妹を連れて湖を去った後は、怒りとも恐怖ともつかない感情に追われ、転々と暮らすしかできなかった。
「そうだな。今日俺はスポンジが膨れるかとか、お前がベリーが好きかわからないとか、そんなことばっかり考えてた・・・平和な悩みだよな」
「もっとやらない?」
「?」
「明日は休みだけど、何して過ごそうか、とかさ」
トムが少し眉を上げて考えるそぶりを見せた。
「…朝食何にしようかとか?」
「え?シリアル以外?」
「いや、シリアルでもいいけどさ。グラノーラを試すとか」
「シリアル以外何があるの」
クレイの家では母の具合が悪かったこともあり、自宅での朝食=シリアルの公式が染み付いている。
今度はトムがびっくりした顔をする。
「色々あるだろ。ポタージュとか半熟卵とかスクランブルエッグとかフルーツサラダとか!」
「なんでそんなん思い付くのトム!?もしかして、実家ってそんな朝食?」
さすが炭鉱社長の家はこんなところで違うのか。驚きのあまりベリーをクリームに埋没させながら切ってしまった。
「いや、違う…と思うけど。なんかTVで見たら旨そうだった。病院だってシリアル以外のもの出るし」
繊細なケーキを壊滅させてしまったクレイは結構なショックを受けたが、ぼそぼそ言っているトムは頓着していない。
「あ、あとこの壁塗り替えるとしたら何色がいいかとかさ」
ペンキ塗りのほうがクレイは得意分野だ。どうせなら休日にいいところを見せたい。
「その前にテーブルの脚を直さないとやばいと思う」
トムがくすくす笑ってコーヒーカップを持ってきた。ひしゃげたケーキは本当に気にならないらしく、さっさと皿に取り分けている。
「洗濯機をリサイクルショップに探しに行かない?」
「…あー、やり過ぎるとお前ますます誤解されるぞ」
とたんにトムが眉をしかめた。
「何が」
「お前と俺がどんな関係だって」
思わずクレイは吹きだす。
「身体で払うとか言っといて、なに気にしてるの?」
「お前と寝たからって、俺は他人に言ったりしないぞ」
長い逃亡生活の中、端正なその容姿はトムにとって仇になることも多かったらしい。
トムは簡単に身体を差し出そうとするが、クレイは宿代のようにはそれを受け取りたくなかった。
「僕は君のことが好きだって言ったよね」
「・・・覚えてる」
テーブルの上の手に、そっと手を重ねた。乾いた、無骨な手だ。だけど世界でこれしか欲しくない、ただ一人の手だ。

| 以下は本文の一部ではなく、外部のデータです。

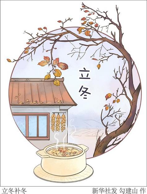 立冬時節(jié),各地有豐富多彩的傳統(tǒng)習俗。比如,民間有祭祖、飲宴、卜歲等習俗,以時令佳品向祖靈祭祀,祈求來年是豐年;還有“補冬”,北方有“立冬補冬,補嘴空”的諺語,人們習慣在立冬這天吃餃子,因為餃子外形似耳朵,人們認為吃了它,冬天耳朵就不受凍。此外,還有釀黃酒、吃生蔥等。

どうしたら僕のものになるのだろう。重ねた手にそっと力をこめる。
「俺は好き、というより」
重ねた手はそのままにトムが口を開いた。
「お前しかいないんだ」
え、とクレイが目を見開く。
「俺は自分がやったことと、今もやってしまうことで誰にも関われない。お前以外。だから、お前といられるならなんだっていいんだ」
ゆっくりと手のひらが動き、乾いた指がクレイの手に触れてくる。持ち主の意思を伝えて。
「お前となら寝たっていいし、でも、別にそれを他の奴らに知らせたいとは思わない。むしろ一緒にいる邪魔になるなら知られない方がいい」
「・・・・今夜、君の部屋に行っていい?」
一歩を踏み出す。重ならないものを感じながら、それでも差し出されている手を取らずにいるのは怖かった。
頷いて微笑むその顔が、欲よりも安堵を浮かべているのが苦しい。
君のものになるから
僕のものになって。
*************
はい、ざんげします。
お題を上げてるにも関わらず、コンプリートしまへんでした。
途中でクレイがトムに「今、なにしてる?」って電話するシーンがあったんだけどね、書いたんだけどね、なんか削った方が良かったのでカットしちゃった。てへ。